Astrobiologists at Florida Tech’s Aldrin Space Institute recently teamed up with Kraft Heinz to make ketchup from tomatoes grown in Mars-like conditions. Never mind Pillsbury’s Space Food Sticks or Tang—my favorite foods growing up in awe of astronauts: Bring on the Martian ketchup!
The Florida Tech News Bureau provides these fascinating facts and figures on this unearthly food-science development:
- A team of more than a dozen students, scientists, and technicians worked in a greenhouse, known as the Red House, to grow the Martian tomatoes
- Powerful LED lighting on 7,800 pounds of soil from the Mohave Desert provided Martian conditions for the 450 experimental tomato plants grown over a period of two years
- A bottle of “Marz” ketchup survived a 23-mile-altitude balloon-flight that reduced its temperature to minus 94 degrees Fahrenheit.

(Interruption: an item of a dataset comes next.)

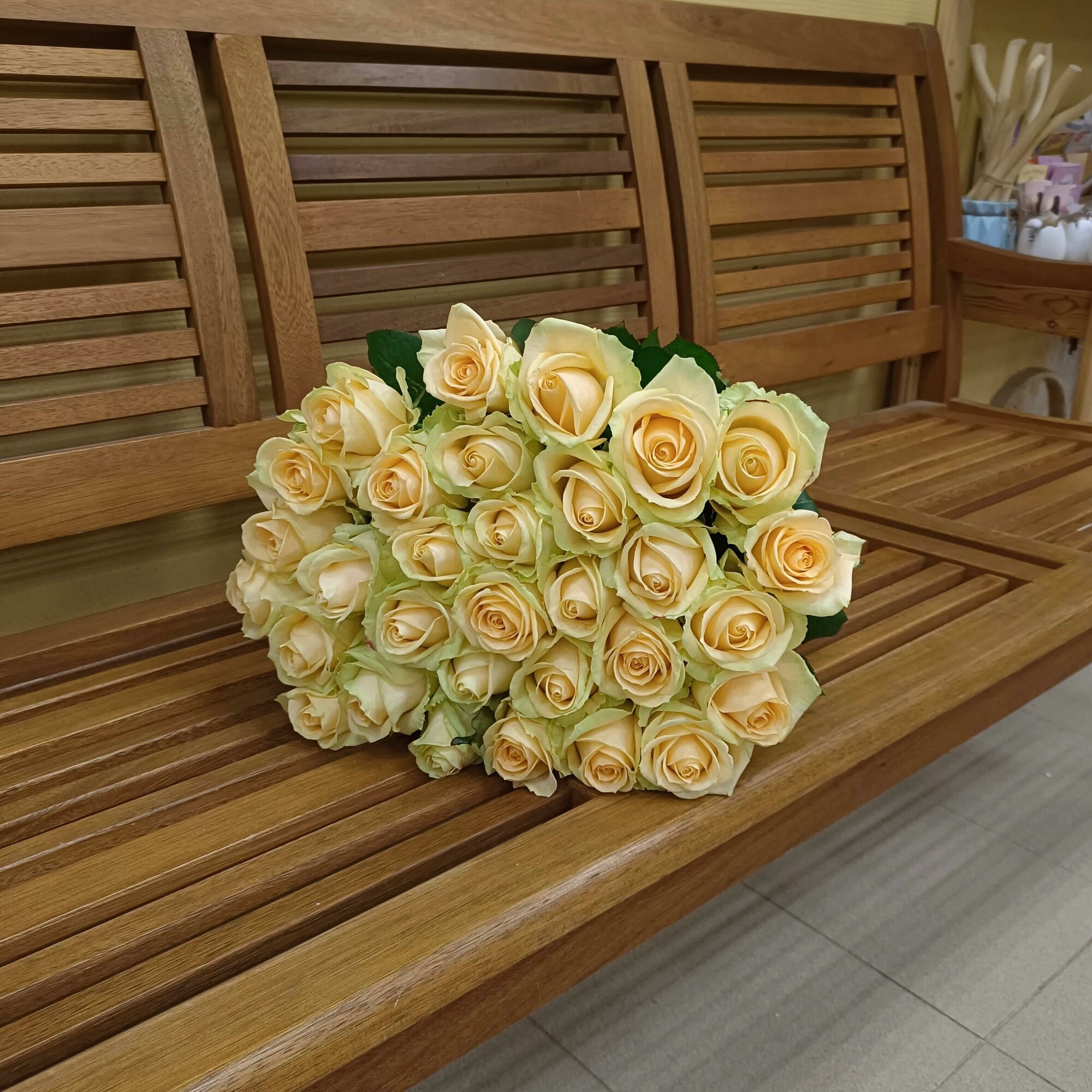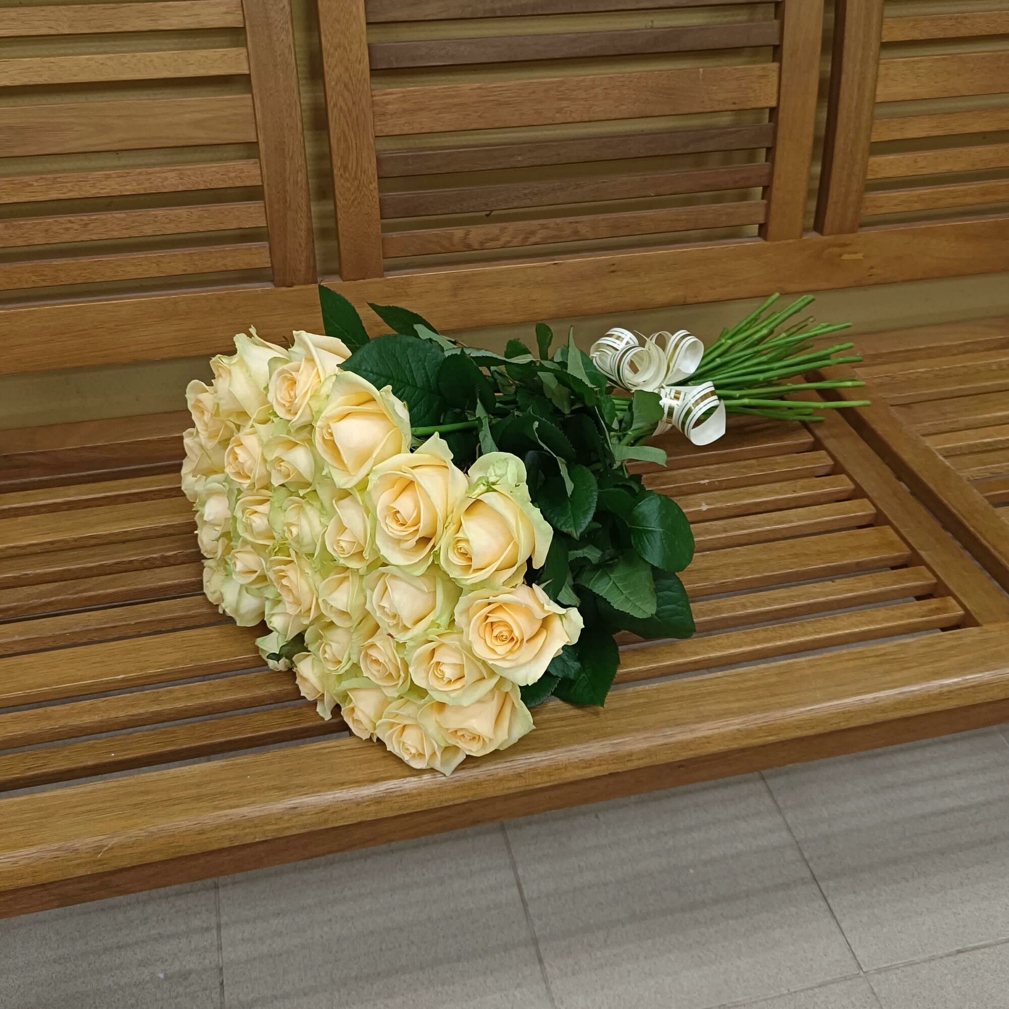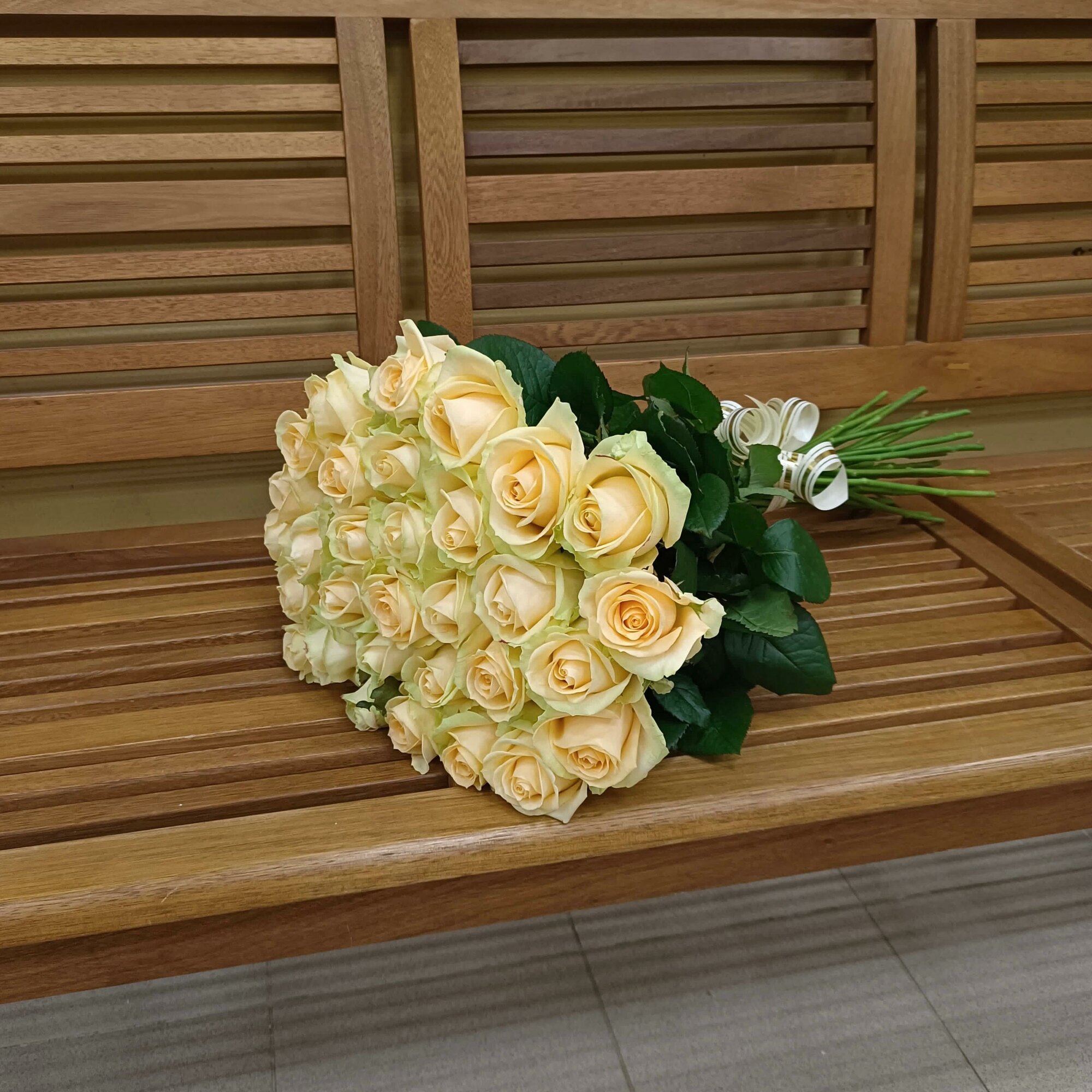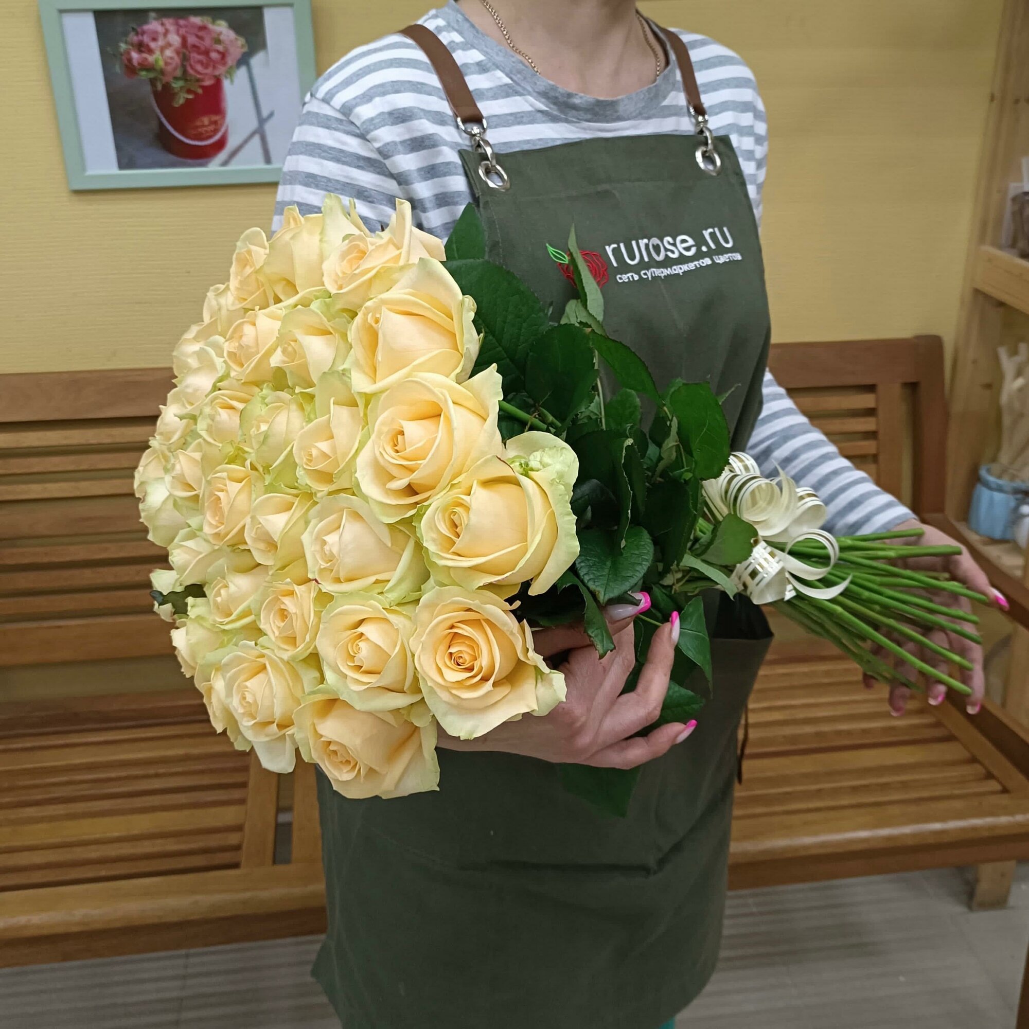 Купить Живые цветы букет из 31 кремовой розы 60 см "Перламутровая страсть", сорт - "Пич Аваланж"

Here’s another amazing statistic cited widely on the internet: The average American eats 71 pounds of ketchup per year, which Google data supports—it being the condiment of choice in nearly half of USA’s states.*
For more details on the HEINZ Ketchup Marz Edition and a picture of a Martian-like tomato see this November 9 report by the Space Coast Daily.
“Working with the tomato masters at Heinz has allowed us to see what the possibilities are for long term food production beyond Earth.”
Andrew Palmer, Associate Professor of Biological Sciences, Aldrin Space Institute
*(BestLife, 4/28/21, This Is the Most Popular Condiment in Your State, According to Data)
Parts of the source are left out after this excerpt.